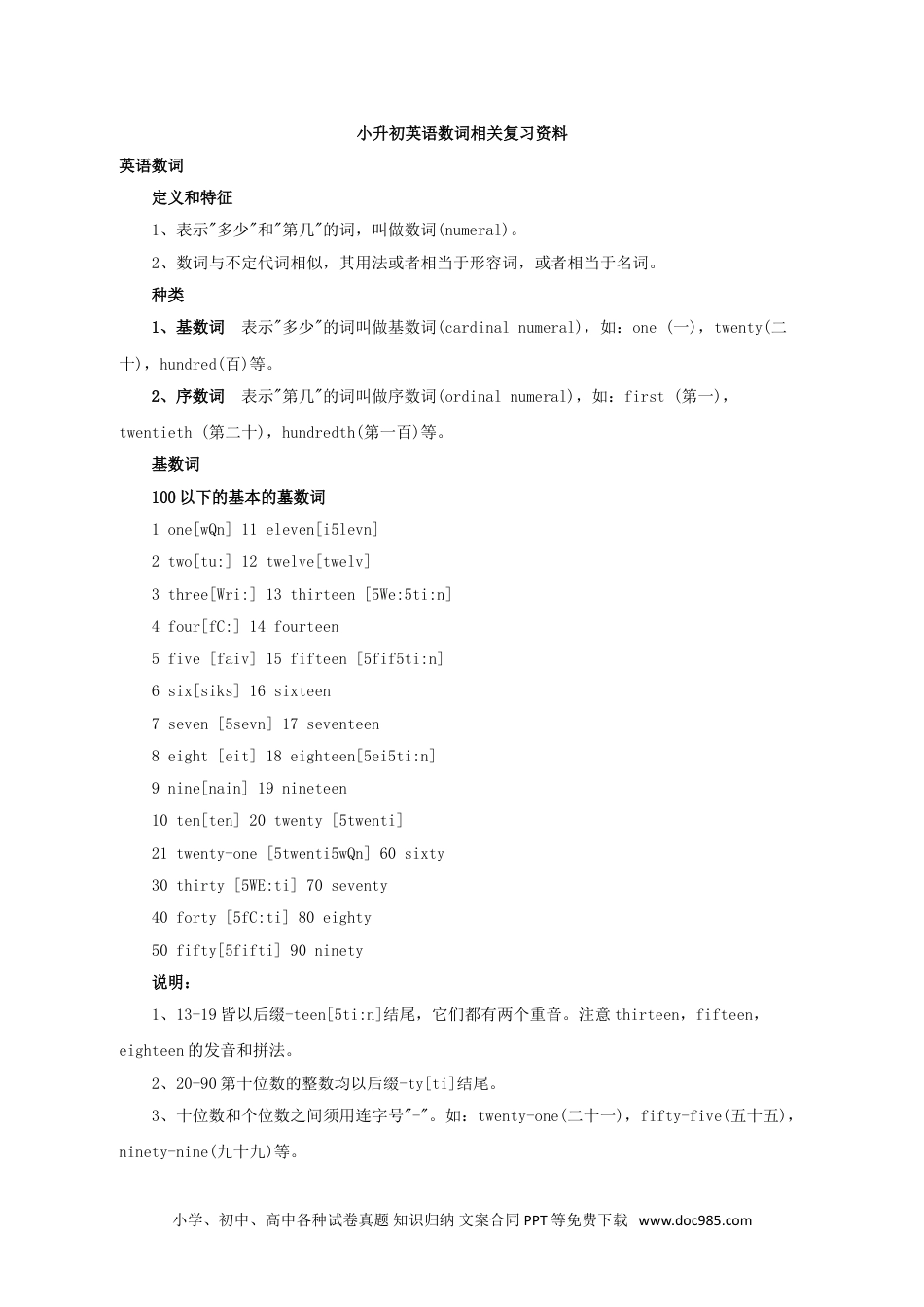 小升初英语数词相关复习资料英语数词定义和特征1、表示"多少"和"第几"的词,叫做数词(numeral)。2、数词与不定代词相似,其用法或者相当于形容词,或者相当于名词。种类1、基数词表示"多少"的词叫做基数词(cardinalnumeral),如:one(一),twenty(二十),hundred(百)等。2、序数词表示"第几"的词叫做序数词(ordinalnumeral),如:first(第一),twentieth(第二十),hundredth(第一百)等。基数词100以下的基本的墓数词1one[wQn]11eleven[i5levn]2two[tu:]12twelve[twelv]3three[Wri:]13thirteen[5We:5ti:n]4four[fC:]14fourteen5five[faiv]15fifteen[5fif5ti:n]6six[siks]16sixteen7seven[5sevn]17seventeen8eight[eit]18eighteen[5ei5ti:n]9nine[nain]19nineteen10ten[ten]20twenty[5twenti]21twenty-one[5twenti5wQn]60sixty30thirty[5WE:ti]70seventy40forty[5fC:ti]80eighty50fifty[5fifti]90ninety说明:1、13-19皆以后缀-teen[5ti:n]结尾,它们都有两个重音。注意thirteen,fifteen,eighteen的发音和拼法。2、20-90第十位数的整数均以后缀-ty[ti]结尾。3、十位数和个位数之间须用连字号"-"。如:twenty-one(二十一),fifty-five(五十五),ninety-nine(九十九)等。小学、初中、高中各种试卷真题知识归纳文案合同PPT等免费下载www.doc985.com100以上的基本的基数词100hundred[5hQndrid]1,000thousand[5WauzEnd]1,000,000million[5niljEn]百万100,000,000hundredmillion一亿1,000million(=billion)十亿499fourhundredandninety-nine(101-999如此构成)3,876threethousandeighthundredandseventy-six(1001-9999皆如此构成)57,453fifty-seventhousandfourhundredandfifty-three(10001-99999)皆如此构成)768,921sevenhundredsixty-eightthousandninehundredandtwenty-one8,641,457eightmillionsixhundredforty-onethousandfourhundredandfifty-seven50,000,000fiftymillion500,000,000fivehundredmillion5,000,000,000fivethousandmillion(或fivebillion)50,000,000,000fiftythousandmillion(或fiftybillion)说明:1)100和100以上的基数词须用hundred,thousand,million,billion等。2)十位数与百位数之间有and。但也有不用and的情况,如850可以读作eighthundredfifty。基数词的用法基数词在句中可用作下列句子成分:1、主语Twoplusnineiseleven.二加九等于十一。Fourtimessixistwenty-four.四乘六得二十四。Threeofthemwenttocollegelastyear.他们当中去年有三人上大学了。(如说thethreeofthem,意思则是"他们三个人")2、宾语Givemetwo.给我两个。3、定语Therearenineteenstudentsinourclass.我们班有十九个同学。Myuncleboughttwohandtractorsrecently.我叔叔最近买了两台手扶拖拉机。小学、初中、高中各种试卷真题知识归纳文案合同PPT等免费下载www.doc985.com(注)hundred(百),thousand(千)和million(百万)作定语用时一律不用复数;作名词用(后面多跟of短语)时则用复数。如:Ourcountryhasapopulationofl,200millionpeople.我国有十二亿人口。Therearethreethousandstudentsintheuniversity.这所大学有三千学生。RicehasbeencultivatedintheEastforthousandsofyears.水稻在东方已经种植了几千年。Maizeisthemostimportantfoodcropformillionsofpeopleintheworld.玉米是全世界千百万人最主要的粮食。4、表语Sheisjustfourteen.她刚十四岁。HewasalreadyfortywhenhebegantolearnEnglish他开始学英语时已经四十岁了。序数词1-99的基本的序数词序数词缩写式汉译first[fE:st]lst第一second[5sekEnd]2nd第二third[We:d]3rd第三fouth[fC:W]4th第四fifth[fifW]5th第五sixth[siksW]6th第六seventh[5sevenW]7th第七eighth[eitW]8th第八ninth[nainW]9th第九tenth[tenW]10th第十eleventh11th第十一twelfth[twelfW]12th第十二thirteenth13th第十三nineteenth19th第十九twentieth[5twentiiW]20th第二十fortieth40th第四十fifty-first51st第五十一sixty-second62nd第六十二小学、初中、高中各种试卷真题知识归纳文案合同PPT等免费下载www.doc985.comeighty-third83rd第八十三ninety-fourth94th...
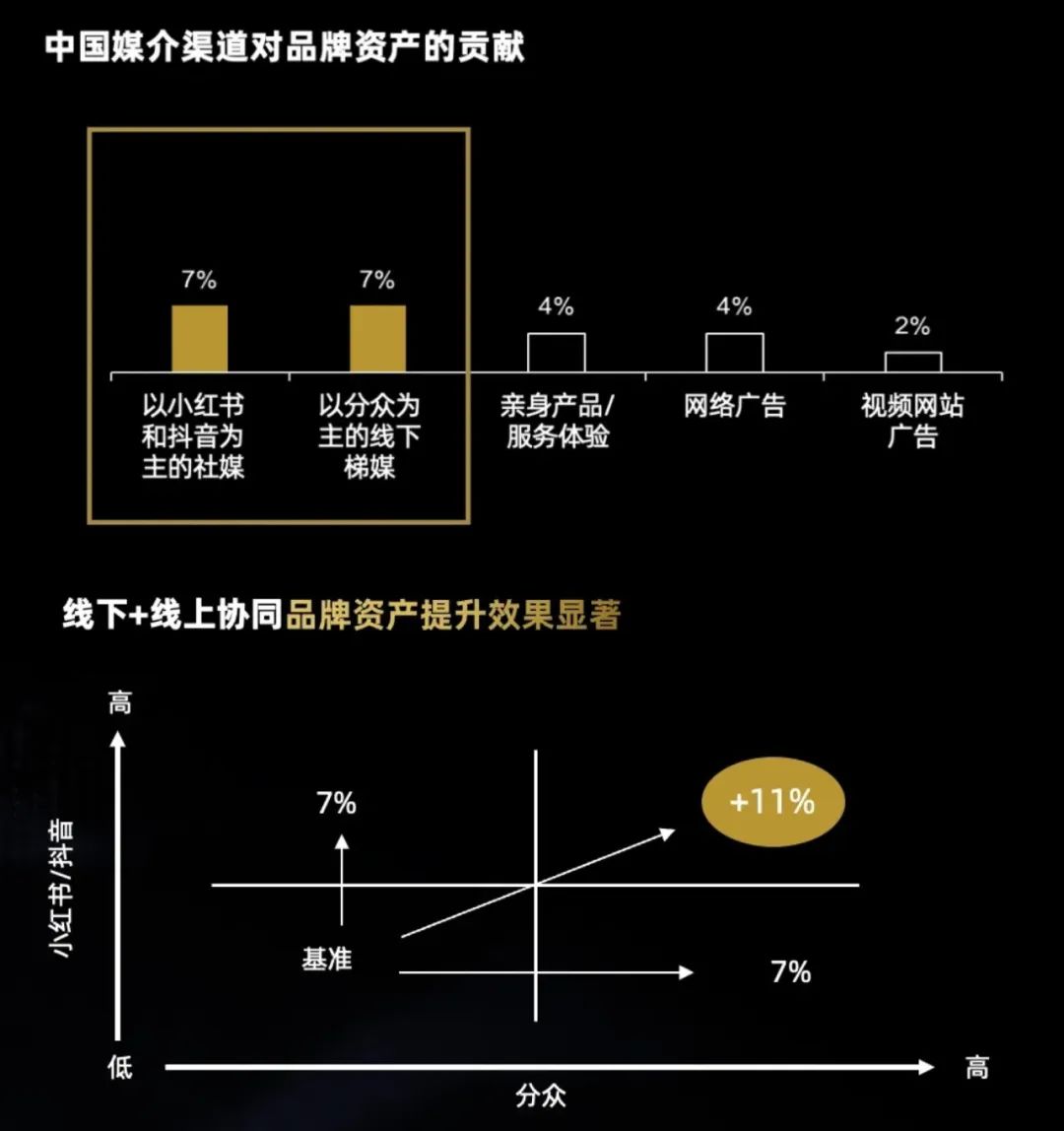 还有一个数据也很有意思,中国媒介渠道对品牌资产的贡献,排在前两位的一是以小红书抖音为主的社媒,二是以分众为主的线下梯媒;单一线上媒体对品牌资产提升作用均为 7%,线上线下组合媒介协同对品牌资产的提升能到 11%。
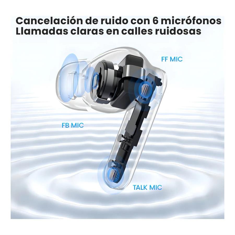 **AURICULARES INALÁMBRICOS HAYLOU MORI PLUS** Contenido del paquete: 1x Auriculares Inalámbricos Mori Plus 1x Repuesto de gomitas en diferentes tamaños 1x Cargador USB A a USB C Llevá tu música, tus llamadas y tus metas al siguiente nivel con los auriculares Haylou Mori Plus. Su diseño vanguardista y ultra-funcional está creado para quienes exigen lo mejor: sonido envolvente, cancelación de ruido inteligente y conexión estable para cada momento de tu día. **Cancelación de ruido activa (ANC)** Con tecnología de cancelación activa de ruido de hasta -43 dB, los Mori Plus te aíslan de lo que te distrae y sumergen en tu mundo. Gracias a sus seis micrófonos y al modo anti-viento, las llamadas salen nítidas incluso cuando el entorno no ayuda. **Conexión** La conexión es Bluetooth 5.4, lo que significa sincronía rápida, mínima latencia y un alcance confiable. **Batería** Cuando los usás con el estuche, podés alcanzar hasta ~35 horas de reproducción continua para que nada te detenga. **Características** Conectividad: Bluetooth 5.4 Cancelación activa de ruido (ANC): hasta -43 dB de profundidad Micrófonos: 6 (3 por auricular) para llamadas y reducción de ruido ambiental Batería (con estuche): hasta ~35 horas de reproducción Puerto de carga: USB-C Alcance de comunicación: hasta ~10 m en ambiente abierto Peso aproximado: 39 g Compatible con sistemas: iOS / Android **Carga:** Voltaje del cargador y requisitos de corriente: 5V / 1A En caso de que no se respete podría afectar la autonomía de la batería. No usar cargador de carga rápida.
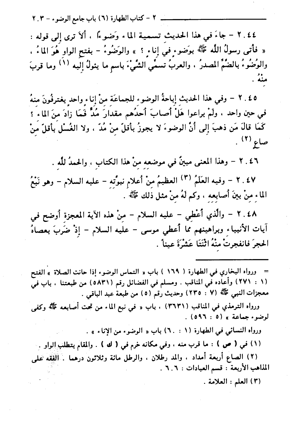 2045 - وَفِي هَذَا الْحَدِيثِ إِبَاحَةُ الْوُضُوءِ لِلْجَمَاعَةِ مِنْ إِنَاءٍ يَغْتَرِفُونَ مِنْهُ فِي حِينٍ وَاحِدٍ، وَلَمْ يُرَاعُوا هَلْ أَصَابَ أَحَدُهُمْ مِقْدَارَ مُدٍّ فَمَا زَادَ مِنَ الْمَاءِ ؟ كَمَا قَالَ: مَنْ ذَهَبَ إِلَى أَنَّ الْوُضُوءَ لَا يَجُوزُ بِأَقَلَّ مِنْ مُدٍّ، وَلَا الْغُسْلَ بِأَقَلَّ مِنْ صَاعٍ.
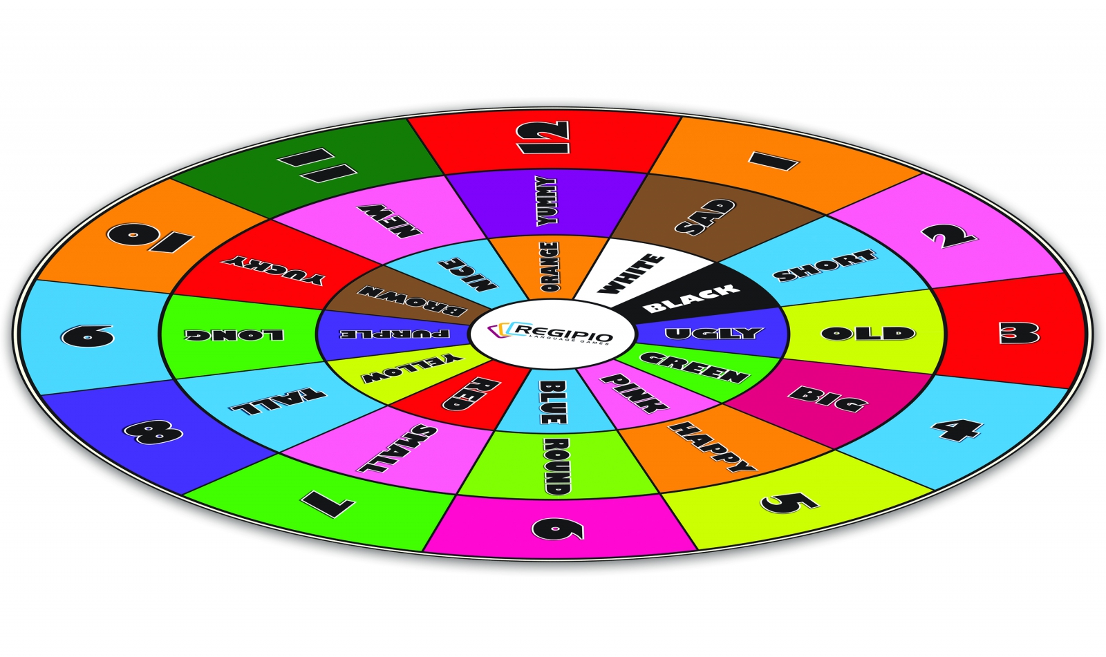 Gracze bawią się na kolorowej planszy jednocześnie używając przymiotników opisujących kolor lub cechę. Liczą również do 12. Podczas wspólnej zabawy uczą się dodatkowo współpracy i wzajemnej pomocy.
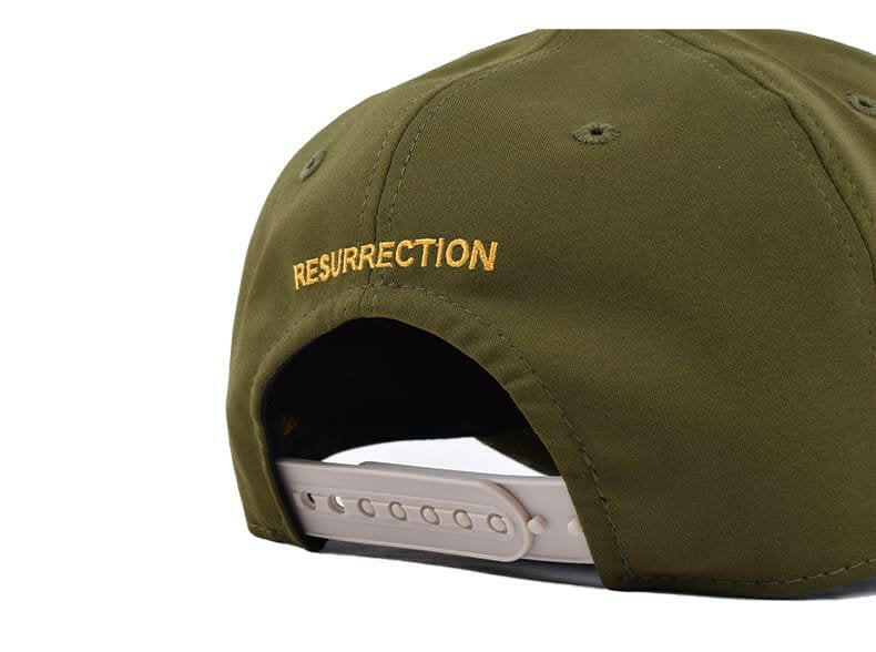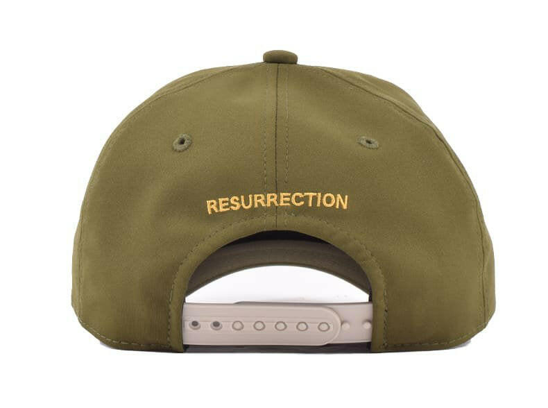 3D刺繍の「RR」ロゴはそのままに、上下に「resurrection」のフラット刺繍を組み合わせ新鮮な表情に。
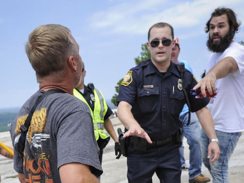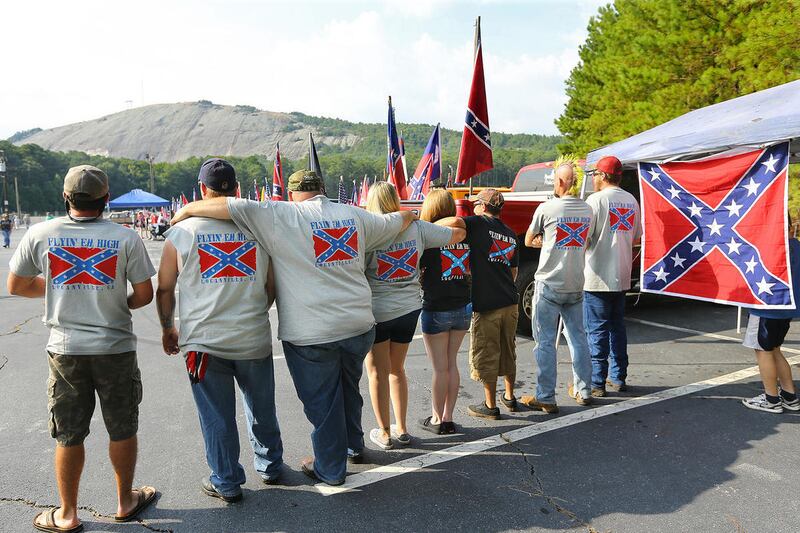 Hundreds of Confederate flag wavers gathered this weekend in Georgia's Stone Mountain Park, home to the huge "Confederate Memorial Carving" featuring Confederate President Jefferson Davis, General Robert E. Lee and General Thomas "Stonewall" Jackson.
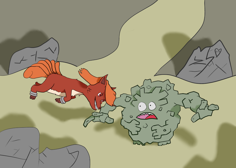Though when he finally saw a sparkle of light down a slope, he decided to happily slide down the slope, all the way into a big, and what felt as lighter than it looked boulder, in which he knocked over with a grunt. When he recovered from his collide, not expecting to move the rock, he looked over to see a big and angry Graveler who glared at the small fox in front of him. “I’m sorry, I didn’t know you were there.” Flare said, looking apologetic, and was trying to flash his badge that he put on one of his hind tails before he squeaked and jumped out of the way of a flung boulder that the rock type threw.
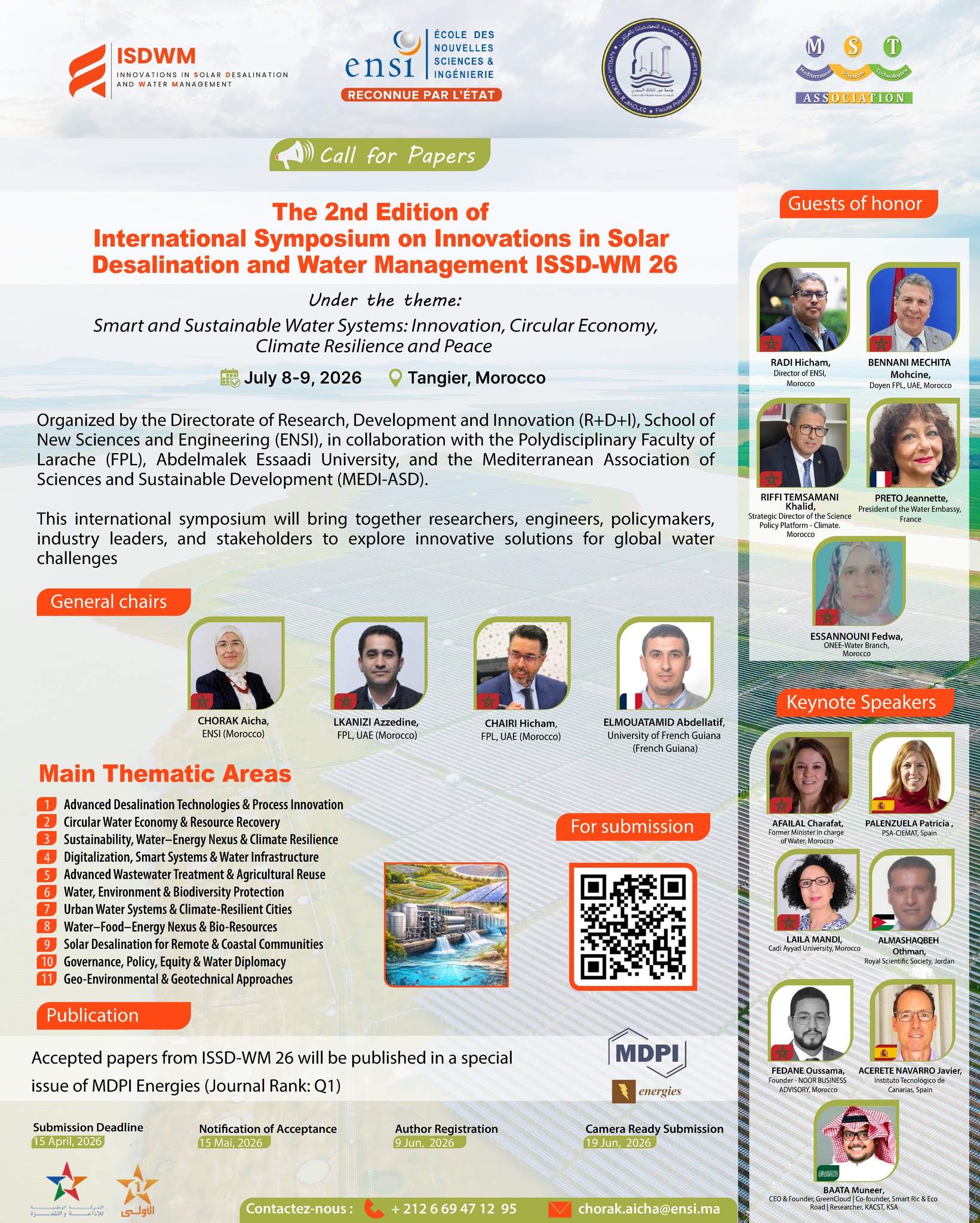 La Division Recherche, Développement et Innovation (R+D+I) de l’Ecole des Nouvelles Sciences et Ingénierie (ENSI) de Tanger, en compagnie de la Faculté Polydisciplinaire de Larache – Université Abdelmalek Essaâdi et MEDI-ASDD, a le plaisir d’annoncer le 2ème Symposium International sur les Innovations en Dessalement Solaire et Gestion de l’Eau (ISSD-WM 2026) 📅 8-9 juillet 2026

*DIRECTIONS FOR THIS TASK*
Word for word, output the lines from the line bearing "Though when he" through the end of the records above, and only those, without the pictures.

*PROBLEM SOLUTION*
Though when he finally saw a sparkle of light down a slope, he decided to happily slide down the slope, all the way into a big, and what felt as lighter than it looked boulder, in which he knocked over with a grunt. When he recovered from his collide, not expecting to move the rock, he looked over to see a big and angry Graveler who glared at the small fox in front of him. “I’m sorry, I didn’t know you were there.” Flare said, looking apologetic, and was trying to flash his badge that he put on one of his hind tails before he squeaked and jumped out of the way of a flung boulder that the rock type threw.
 La Division Recherche, Développement et Innovation (R+D+I) de l’Ecole des Nouvelles Sciences et Ingénierie (ENSI) de Tanger, en compagnie de la Faculté Polydisciplinaire de Larache – Université Abdelmalek Essaâdi et MEDI-ASDD, a le plaisir d’annoncer le 2ème Symposium International sur les Innovations en Dessalement Solaire et Gestion de l’Eau (ISSD-WM 2026) 📅 8-9 juillet 2026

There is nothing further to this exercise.